De pronto se volvió una tarde lluviosa. Cuando el teniente Guillén llegó a los velatorios donde se practicaba el funeral de Adrián Romero, el niño de la casa de la colonia Juárez, un sol esplendoroso brillaba en el cielo. Y ahora, a las cuatro horas de hacer la guardia en el ataúd cerrado, la lluvia había comenzado a caer, convirtiendo automáticamente en uno más melancólico, más sombrío.
Recargado en una de las columnas del salón, Guillén sentía una enorme necesidad de prender un cigarrillo. Pero en tales circunstancias era imposible. De ahí que su nerviosismo se incrementara poco a poco. De ahí que no dejara de pasear su mirada de todos los rostros de los familiares. Con su evidente sobrepeso, su eterno traje café oscuro y su bigote de cepillo, con las manos entrelazadas sobre su barriga y una inquietud evidente, más parecía un burócrata ansioso por volver a su oficina cuanto antes, que un detective en busca de sospechosos.
A la distancia, el padre del menor difunto le hizo un gesto de saludo. Aún tenía el rostro congestionado por las lágrimas. El teniente inclinó la cabeza, respondiendo al saludo. Su patrulla había llegado al velatorio casi al mismo tiempo que el catafalco y desde entonces no se había querido desprender de ese sitio, convencido de que era lo menos que podía hacer por la familia, dada la poca ayuda que les había podido brindar. Además, se los debía. Los padres habían aceptado mantener el crimen oculto y evadir a la prensa, según lo que les había solicitado el procurador para "ayudar a la investigación", aunque Guillén sabía que había algo más de fondo en dicha solicitud.
-¿Usted lo conocía? -le preguntó de pronto un hombre mayor.
-Eh... sólo por su fotografía -respondió el teniente.
-Su risa -continuó el hombre-. Su risa es lo que más recuerdo de él. Se reía mucho con las caricaturas de la tele.
El teniente Guillén se sorprendió a sí mismo tratando de hacer encajar ese segundo asesinato con el del primer niño. Porque sabía que las coincidencias de ambos crímenes apuntaban hacia un sólo asesino. Y ahora había que intentar una nueva línea de investigación, ahora había que fijarse en las similitudes que compartían ambos niños antes de ser asesinados para detectar un motivo. Guillén pensó, de todos modos, que el hecho de que tal vez ambos se rieran con las caricaturas de la tele no podía ser razón para que sufrieran la misma suerte. Tenía que haber otra cosa.

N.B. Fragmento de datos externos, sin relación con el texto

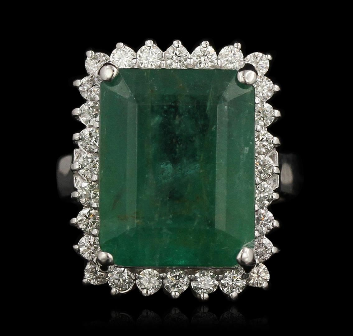 One electronically tested 14KT white gold ladies cast emerald and diamond ring with a bright polish finish. Condition is new, good workmanship. The featured emerald is set within a diamond bezel, completed by a three and one-half millimeter wide band. Identified with markings of "K14". Containing: One prong set rectangular step cut natural emerald, measuring 15.30 x 12.00 x 8.85mm, 8% bulge factor, approximate weight of 14.32ct., clarity is heavily included, type III, medium dark, very slightly grayish, very slightly bluish green color, (GIA vslbG 6/3), cut is good. Transmitting light with a minimum of distortion, transparent to translucent. Naturally occurring internal & external characteristics are present. Indications of oil residue. Graded in the setting. The ring also contains Twenty-eight prong set round brilliant cut diamonds, measuring 2.00 - 1.90 x 1.17mm (depth est.) approximate total weight of 28 Stones = 0.86ct. Graded in the setting. Clarity: SI-2 to I-1. Color: G-I. Total Weight of Colored Stones 14.32ct. Total Weight of Diamonds 0.86ct. Total Weight of Ring: 10.80gm. AIG Appraised at $30,335.00.
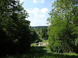 Die Rasenfläche ist an beiden Seiten von vorzugsweise heimischen Gehölzen begrenzt. Insgesamt befinden sind rund 30 Baumarten im Park, darunter Linden, Eichen, Erlen, Buchen, Ulmen, Eschen und der Ahorn, teilweise auch einzelne Fichten und Tannen. Entlang der Wege sind einige Rosskastanien, Platanen und die Kaukasische Flügelnuss gepflanzt. Die charakteristischen Bäume im Park werden durch Hinweisschilder erläutert. Zu sehen sind weiterhin ein Hain von Buchsbäumen, Flieder und der Europäische Pfeifenstrauch.
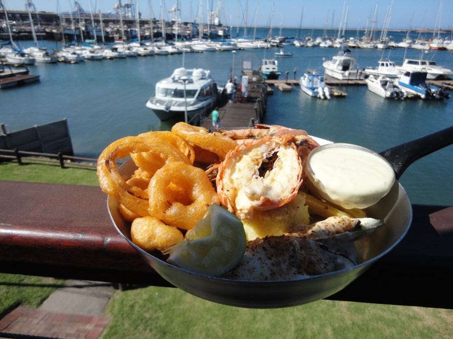 Kalastuspäivän päätteeksi satamassa kalastusseuran paviljongilla tarjottiin tosi mahtava ateria. Itse sai tilata alkupalan, pää- ja jälkiruoan, tämä kuului kalastukseen. Esim. Alkupalaksi kermaisia etanoita, päämenuksi oikeita simpukoita, jättikatkarapuja, mustekalaa ja kahta kalalajia frideerattuna ja jälkiruoaksi jäätelöä karamelli- ja suklaakastikkeella. Ja ruokajuomaksi tietenkin olutta ja Giniä tonicilla.
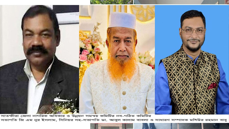 সাতক্ষীরা জেলা নাগরিক অধিকার ও উন্নয়ন সমন্বয় কমিটির নব-গঠিত কমিটির সভাপতি জিএম নুর ইসলাম, সিনিয়র সহ-সভাপতি ডা. আবুল কালাম বাবলা ও সম্পাদক বাবু
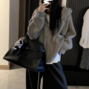 2025秋冬新款韩系连帽毛衣内搭慵懒风针织开衫拉链卫衣外套女装
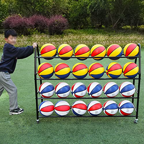 Whalebee Scaffale di Stoccaggio della Palla Robusto Palla Stand in Metallo, Quattro Livelli Pallone da Pallacanestro Grandes capacità Portapalloni da Calcio, Ball Storage Rack with Wheels
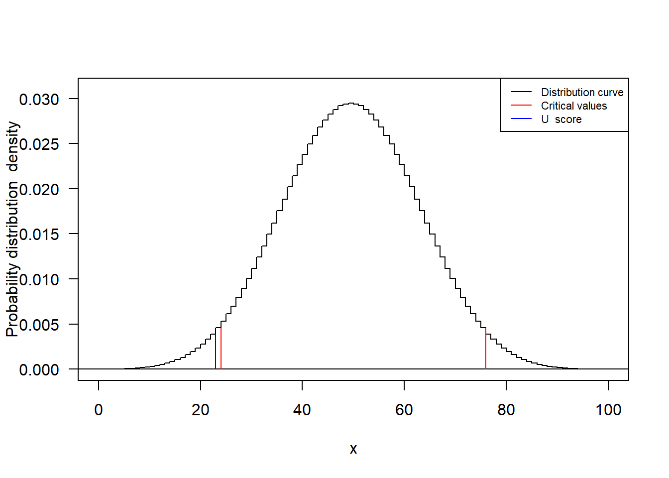 legend('topright', legend = c('Distribution curve', 'Critical values', 'U score'), col = c('black', 'red', 'blue'), lty = 1,cex=0.7)
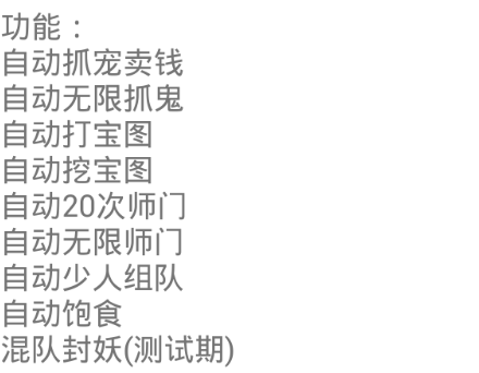 腾牛网为神武的玩家们带来一款自动刷图辅助下载!这款辅助包含自动抓宠卖钱、自动无限抓鬼、自动打宝图、自动无限师门等等,功能全面且强大!喜欢的玩家们不要错过啦!
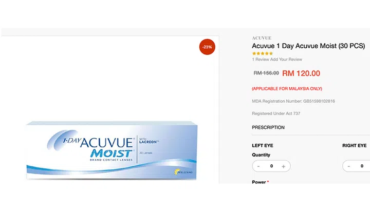 Price in Singapore: S$61 for a box of 30 daily lenses
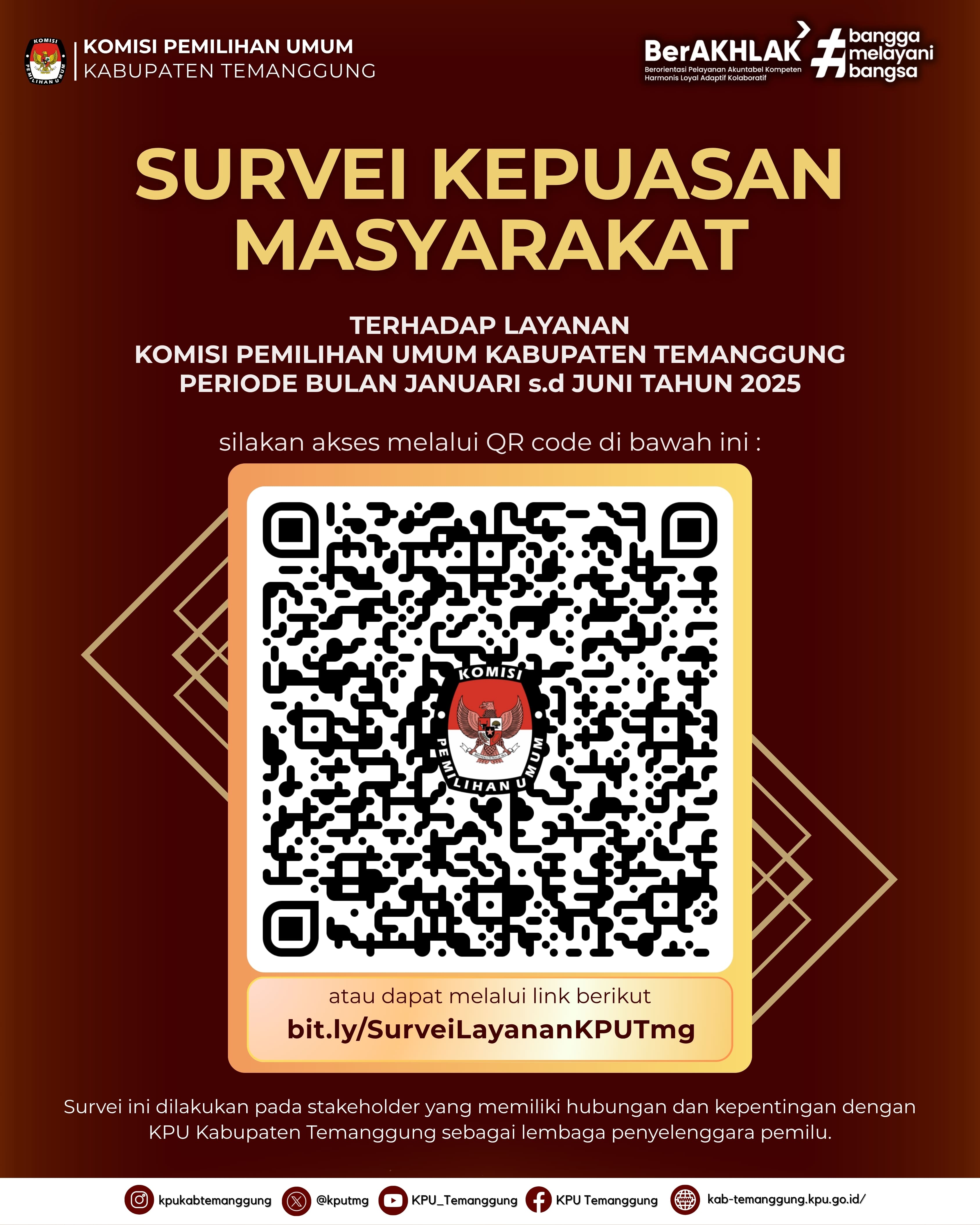 #TemanPemilih, KPU Kabupaten Temanggung melaksanakan Survei Layanan untuk Periode bulan Januari sampai dengan Juni 2025. Bagi #TemanPemilih yang pernah mendapatkan layanan dari KPU Kabupaten Temanggung di periode tersebut, silakan berpartisipasi ya!
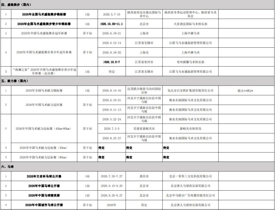近日(1月13日),中马协在其官网及微信公众号正式公布2026年中国马术协会系列赛事及活动的相关承办单位名单。公示期为5个工作日,公示截止日期为2026年1月20日。在公示期结束后30个工作日内,中国马术协会将和所有承办单位与正式签署赛事合作协议(所有承办单位必须是中马协团体会员)。延期签署视为赛事承办单位自动放弃承办该项赛事。
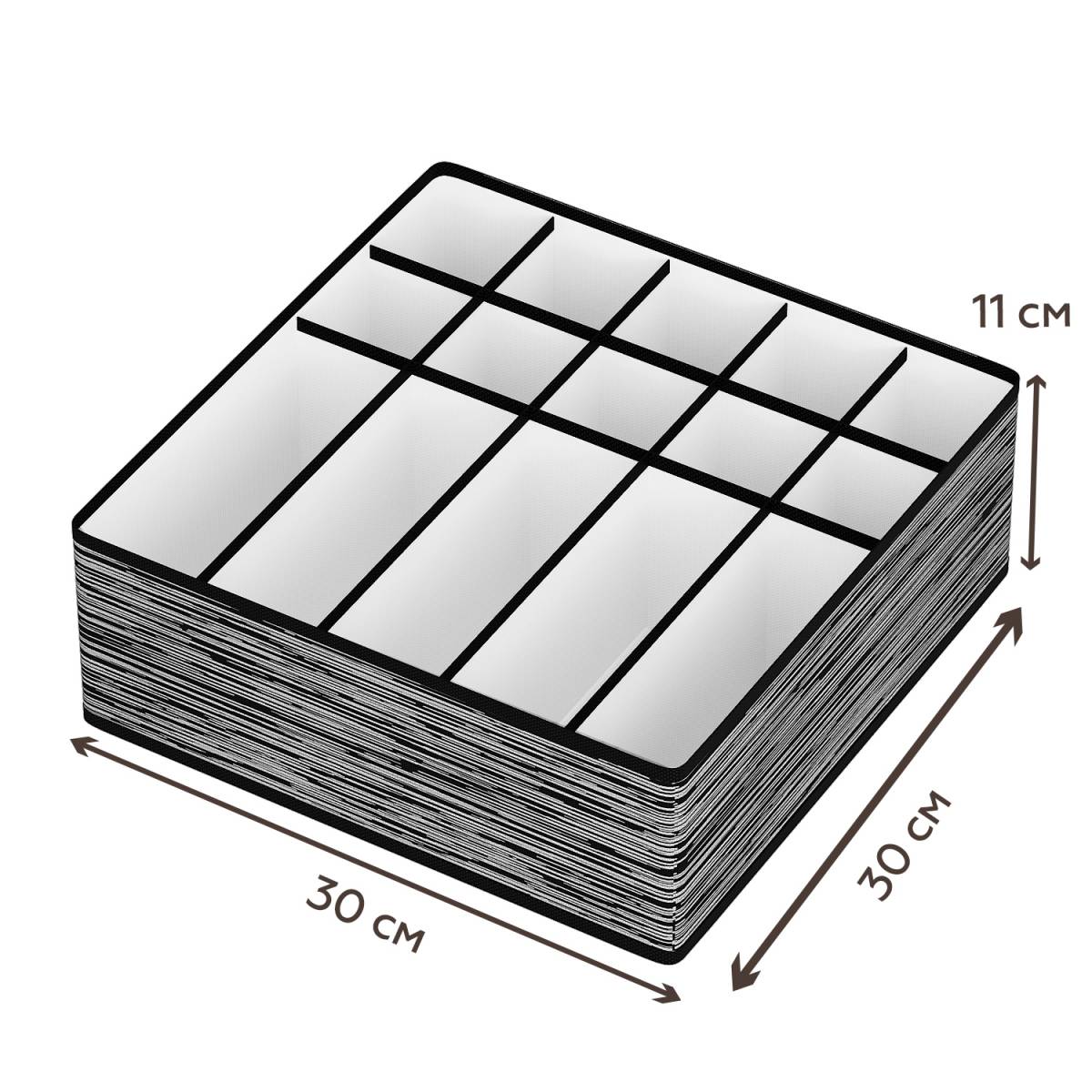 Универсальный органазер для хранения, благодаря которому у каждой вещи будет свое место. Имеет 10 квадратных и 5 промоугольных ячеек, которые идеально подойдут для хранения нижнего белья, носков, бюстгалтеров или галстуков. Выполнен из спанбонда - это экологический, прочный и дышащий материал. Благодаря своему цветовому решению и дизайну прекрасно впишется в любой интерьер. Вес: 200 г Материал: спанбонд Размер упаковки: 30х11х3 см Размер товара: 30х30х11 см Страна: Россия

Miró su reloj y se dijo a sí mismo que bien podía salir un momento para fumarse un cigarro. Ya llevaba más de cuatro horas en la misma posición. Pero el llanto de la madre volvió a retenerlo en su columna, a un lado del féretro. Sentía que era su obligación permanecer ahí. La culpa lo carcomía por dentro. La policía no había hecho nada por impedir ese segundo crimen.
-Era mi nieto -volvió a hablar el viejo-. Un excelente muchacho.
Guillén forzó una sonrisa. De pronto le atemorizó pensar que ese fuera sólo el segundo de una larga serie de asesinatos de la misma índole. Necesitaba pistas o no podría impedir que continuaran los crimines . Imaginó a los abuelos de futuras víctimas recordando las risas de sus desaparecidos nietos.
Se aflojó la corbata nuevamente. En tantas horas de pie, ya había adoptado el tic nervioso de aflojarla y apretarla inconscientemente. Entonces, sonó su teléfono celular. Aliviado, se disculpó. Era una excelente excusa para abandonar el funeral y encender un cigarro. Llegó a la calle y, procurando que la lluvia no lo alcanzara, se pegó a la pared del edificio. Vio el mensaje que le había llegado al aparato. Ya no le quedaron ganas de encender el cigarro.
"Sólo hay un modo de que detengas esto", decía el texto.
Era como si hubieran estado leyendo su mente . Miró en todas las direcciones, confundido. A su lado no había sino un par de personas protegiéndose de la lluvia bajo un cobertizo del edificio de los velatorios.
Se apresuró a responder.
"¿Quién es usted?", fue el mensaje que envió. Al poco rato recibió la contestación.
"Sólo hay un modo de que detengas esto", decía nuevamente el texto.
El teniente decidió marcar directamente al teléfono del remitente. Sonó varias veces pero nadie contestó. Volvió a enviar un nuevo mensaje. Sólo contenía una palabra, una muy significativa "¿Nicte?"
En vano esperó que volvieran a responderle. Insistió. "¿Es usted Nicte?". La lluvia, de pronto, arreció. el frío le calaba los huesos.
"Detener esto", se dijo a sí mismo sombríamente. "Entonces... va a continuar".